A draft analysis co-authored by Steven Levitt, who wrote Freakonomics, found street prostitutes on average make less than $20,000 a year, the Chicago Tribune reports. The report, done as part of Levitt’s other gig as a University of Chicago professor, also found the prostitutes charged Hispanics and whites more than blacks. Unprotected sex costs slightly more, while repeat customers get a break on prices.

“Street prostitutes earn roughly $25 to $30 per hour, roughly four times their hourly wage in other activities, but this higher wage represents relatively meager compensation for the significant risk they bear,” the draft said.

The study also found that prostitutes gave free sex to police to avoid arrest. “A prostitute is more likely to have sex with a police officer than to get officially arrested by one,” the report said.

Levitt told the Tribune he did not want the results published because the findings are preliminary.
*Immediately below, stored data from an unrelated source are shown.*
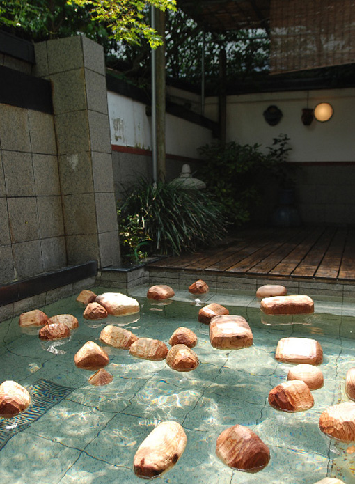 | ちらしの表紙にもなっているのが、武雄温泉の京都屋さんと嬉野温泉の旅館大村屋さんに共通の目玉企画「杉ダマ温泉」です。男女各温泉に50個ずつ球体の杉のオブジェ、杉ダマを浮かべて杉の手触りと香りを楽しみながら温泉を堪能していただきました。1つがだいたい30×20×10センチくらいあって結構大きいので、それが湯船にわらわらと浮かんでいるとそれだけで相当なインパクトがあります。実際に入ってみましたが、杉ダマをなでたり、においをかいでみたり、沈めてポコンと浮かばせたりしていると、なんだか楽しくなってきます。杉ダマが浮かぶ光景も妙にしっくりきていて、イベント期間中だけでなく常に浮かべていてもいいくらい。一緒になったお客さんも入ってくるなり、わあー!と歓声を上げていらっしゃいました。それにしても各旅館分の杉ダマ200個をこつこつと製作された実行委員のみなさんのご苦労には頭が下がります。 | |||||||||||||||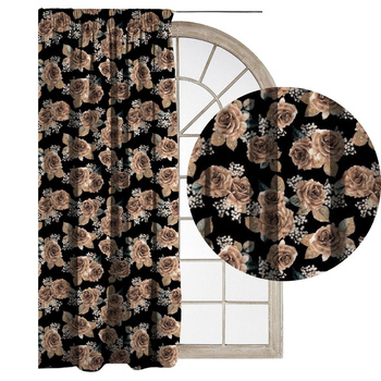 ( ilość produktów: 42 )Zasłona Glam aksamitna welurowa czarna w eleganckie beżowo złote róże G43 welwet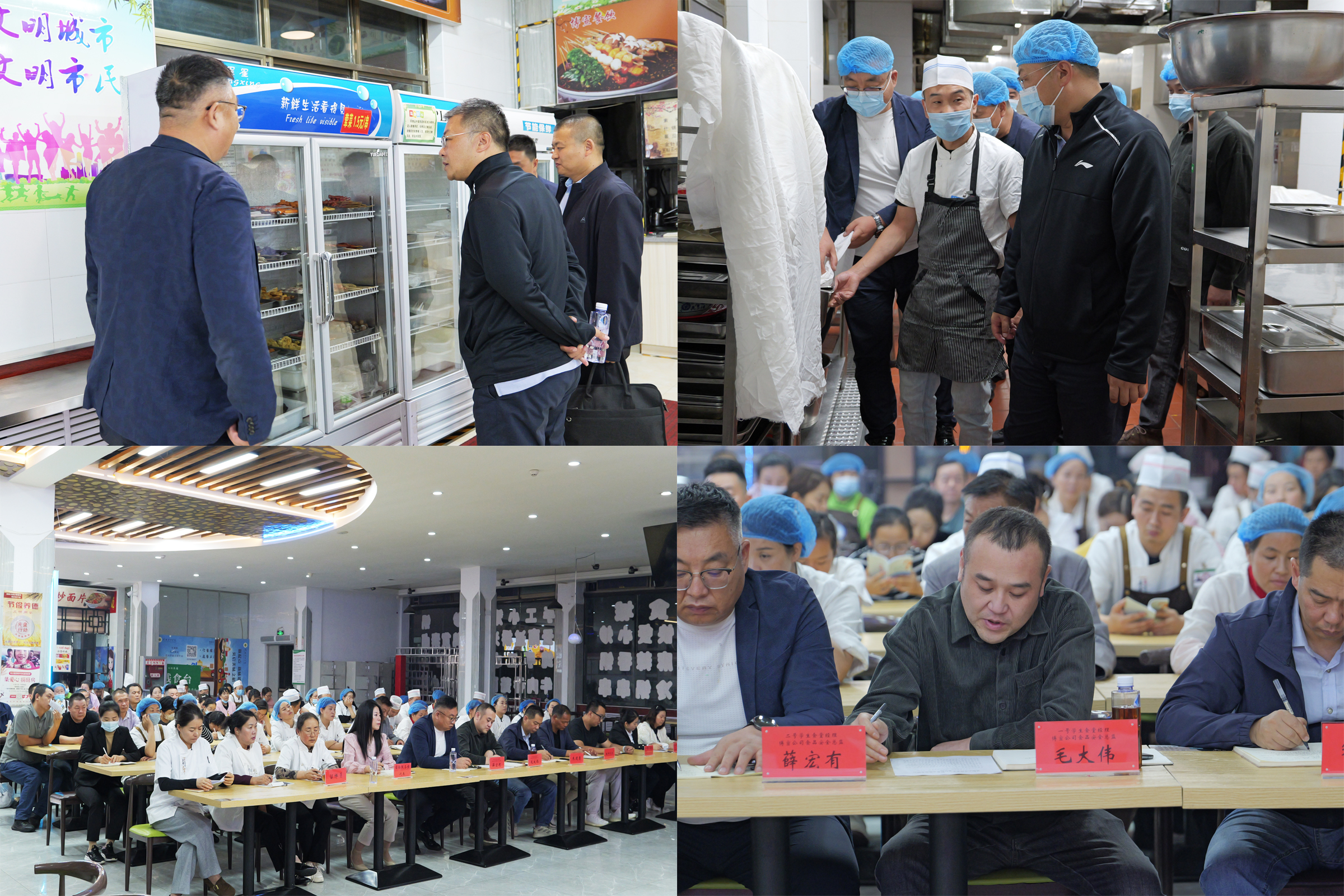 會后,李海軍和食品安全管理人員實地檢查了餐具清洗區(qū)、食品加工區(qū)、留樣區(qū)等重點區(qū)域,詳細了解了食材儲存、加工流程、菜品留樣、餐具消毒等環(huán)節(jié)及食堂整體衛(wèi)生狀況。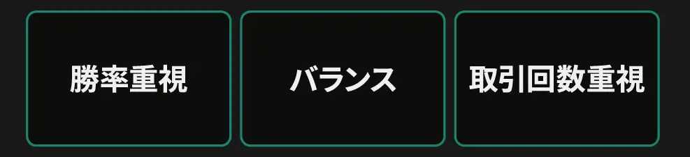 AIチューニング時に、3つの取引モード(バランスモード/勝率重視モード/取引回数重視モード)を選択できます。選択したモードに応じて、AIが生成するサインの傾向が変化し、取引スタイルに合わせた最適なシグナルを提供します。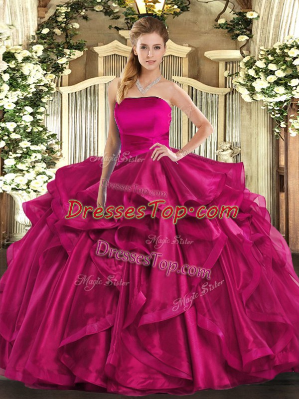 Hot Pink Sleeveless Floor Length Ruffles Lace Up Quinceanera Dresses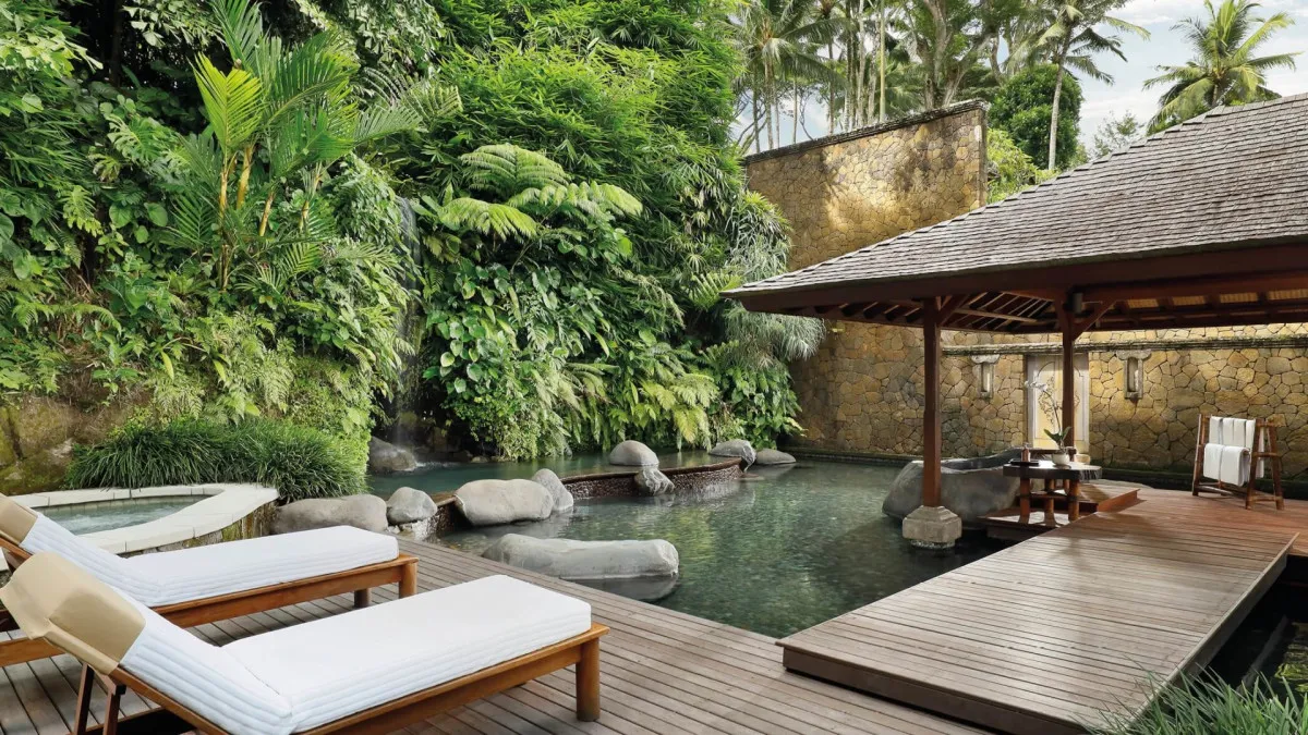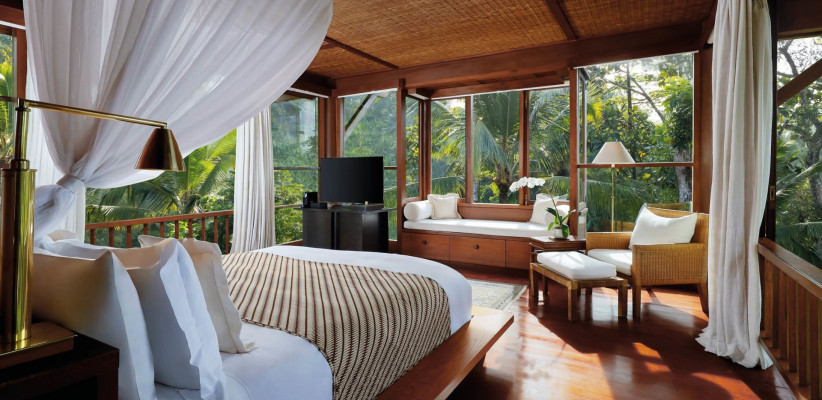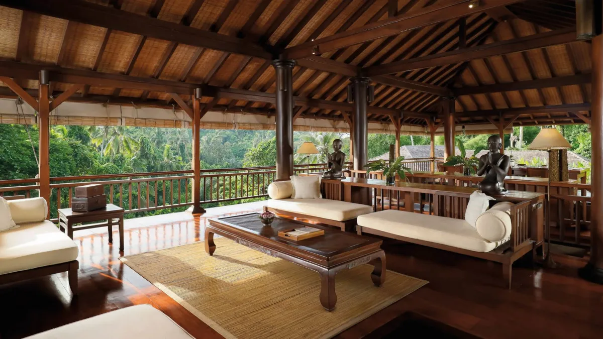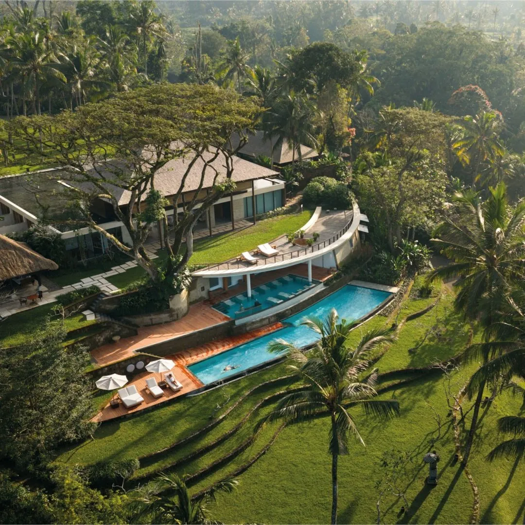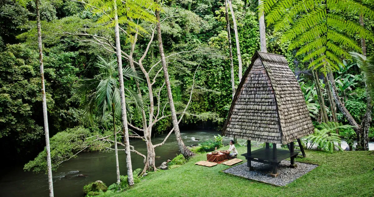 Над стилем отеля Como Shambala Estate 5* работали архитектор Чонг Ю Куан и дизайнер интерьеров Коитиро Икебучи. Они использовали местные камень и дерево, создав современные изысканные пространства под традиционными кровлями из древесины аланг-аланг. Отель организует пешие экскурсии по джунглям, рисовым полям и к местным храмам для духовного преображения гостей, а также пикники в лесу. Туристам доступны бассейны с родниковой водой и различные пространства для организации свадеб: рестораны, зеленый амфитеатр, водный сад, резиденции.

Critics said the report does not adequately address prostitutes’ suffering and exploitation.

Levitt told the ABA Journal in the December 2005 issue that some of his research for the American Bar Foundation is also unconventional.

“A lot of what I do makes the bar foundation very nervous,” Levitt says, “but I have a lot of respect for the foundation because with every project I bring forward—usually loaded with tricky issues about race and class—the bar foundation has been willing to swallow hard and support me, knowing that my results weren’t necessarily going to be very popular.”